Warren Lewis: There are Hindus in Africa, but something tells me that Hinduism would not be one of our major concerns in a conference on Africa.
Victor Wan-Tatah: In Asia, of course, you would have Hindus well represented; but when we talk of African religion in Africa, we must make the distinction between "African religion" and the "African Christian expression" of African religion. Unfortunately, most of the writers on African religion are Christians; so it is very difficult for many people to disassociate their contribution as Africans from their identity as Christians. This often beclouds the true nature of African religion. African religion does not stand on its own right, so that when people talk about African religions they often tend to be apologetic as though they have something to be sorry about and to compensate for, since African religion is thought not equal to the other religions.
Francis Botchway (Professor of International Law and Political Science, University of Cincinnati):I think the question, Bill (Jones) has raised is extremely important. You talk about "African religion," and you talk about "African religionists." Now which group are you talking about? Are you talking about the African religionists who are also Christian Catholics, Anglicans who are writing about traditional African religions, or are you talking about the practitioners? If you want the authentic practitioners of African religions to be involved in this conference, you might not be able to find them unless you go to Idowu, Gaba, and the rest. At what level are we really talking? Do we invite people who are African religionists, authentic practitioners of African religions, or those who have written on the subject academically? If you rely on contemporary scholars, you will be having a Christian expression of African religion rather than African expression of Christianity.
William Jones: That is part of what I have been trying to get at. I see the Global Congress in some sense affirming by its very existence the religious pluralism of the earth. Therefore, the African mini-congress would affirm the same reality in an essential way. But I must raise the question of the availability of authentic expressions of indigenous African religion. It is not clear to me at this point whether we have a whole bunch of those materials together. Much of what has been written about African religion, according to my understanding, has a certain Western taint to it. One function which this mini-congress might serve, is to help develop that authentic voice of African religion so that it becomes an authentic participant in the global dialogue. It cannot be an authentic participant unless we take the time and effort to develop the unique point of view that this culture represents.
Victor Wan-Tatah: The point which Dr. Francis (Botchway) raised should be taken care of too. If we want to get the real, African, authentic practitioners, we should go beyond the present writings which we have on African religions. As you said, most of them are Western, tainted and clothed in Western images, and there is some element of Western thought in them. If we want to know what truly special contributions African religions offer, we should go back to the sources, to the people who practice the religions in the villages. Idowu is one of the people who advocate a return to the field, to meet the older "babalawo," the elders, the priests, and the people who can let them see what has been going on.
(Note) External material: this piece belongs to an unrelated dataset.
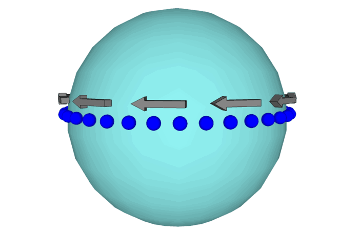 Now, if we have a ring of these, we don't need gravity to hold them together. So now imagine pushing that spinning ring up on the near side, down on the far side, it will still tilt to the right.

Warren Lewis: Someday I will learn to trust my visions. What you have just described is a dream I have had. I dreamed that we were in Africa, where somehow, someway, in an African village, there was a great open space; it was under a very hot sun, and the dirt was baked hard. There was a variety of Europeans, Americans, other Westerners and technological Africans, university Africans, who came to this village. I saw us sitting on the ground on the dirt in the dust of this hot African afternoon with the elders of the tribe. The person who spoke for the guests said, "We have come to your village this afternoon to ask the advice of the elders. How can we have a world which is as peaceful as your village?" I don't know if there are any peaceful villages in Africa. I may have quite a romantic Americanized view of an African tribal village, but my vision seems similar to what we are saying. However, it occurs to me that one does not take 500 people to an African village, where there are four or five elders, does one? One way we might do it is to divide the participants into small groups and send them all over Africa. After they have sat with the elders of forty different tribes, then they could come together somewhere for the congress.
Francis Botchway: We need to identify the crystal of authentic African religions, people who are the practitioners of religion itself. If you want to look up If a divination, you need to have an If a priest. If you want to look at the practices of the Ga, you have to talk to the chief priests, the Mairomo, of the Ga. If you want to look at the religion of the Ibo and the Fons in Dahomey, you may want to look at the priests, the Bukakan. If you could identify all of these people, perhaps we could get them into a dialogue situation, a protracted platonic-socratic dialogue with their African Euro-Christian counterparts. Let me illustrate: I was in Ghana some years back, to do a study of the role of the chief priest among the Gas. I am an elder, and we look back to our ancestry coming from the Yoruba; so I wanted to trace all these things back. I was interested in the If a. I asked a colleague of mine in the Psychology Department at the University of Ghana to go with me to the chief. I wanted to tape a conversation with him. Kwame (Gyekye) has been doing similar work in that field. But our colleagues at the University often do not want to go back to a village, sit down with an elderly person, interview him, tape him. I suggested once that we should have a series of historians in residence at the University, not from Oxford and Cambridge, but people who know the entire history of their people. None of my colleagues at the University was interested, yet these are the people who put themselves forward as the authorities and want to represent the interests of these religions. They would want to interpret for you the cosmology and the ontology of the people. We ought to look at them very carefully and choose intermediaries with extreme caution.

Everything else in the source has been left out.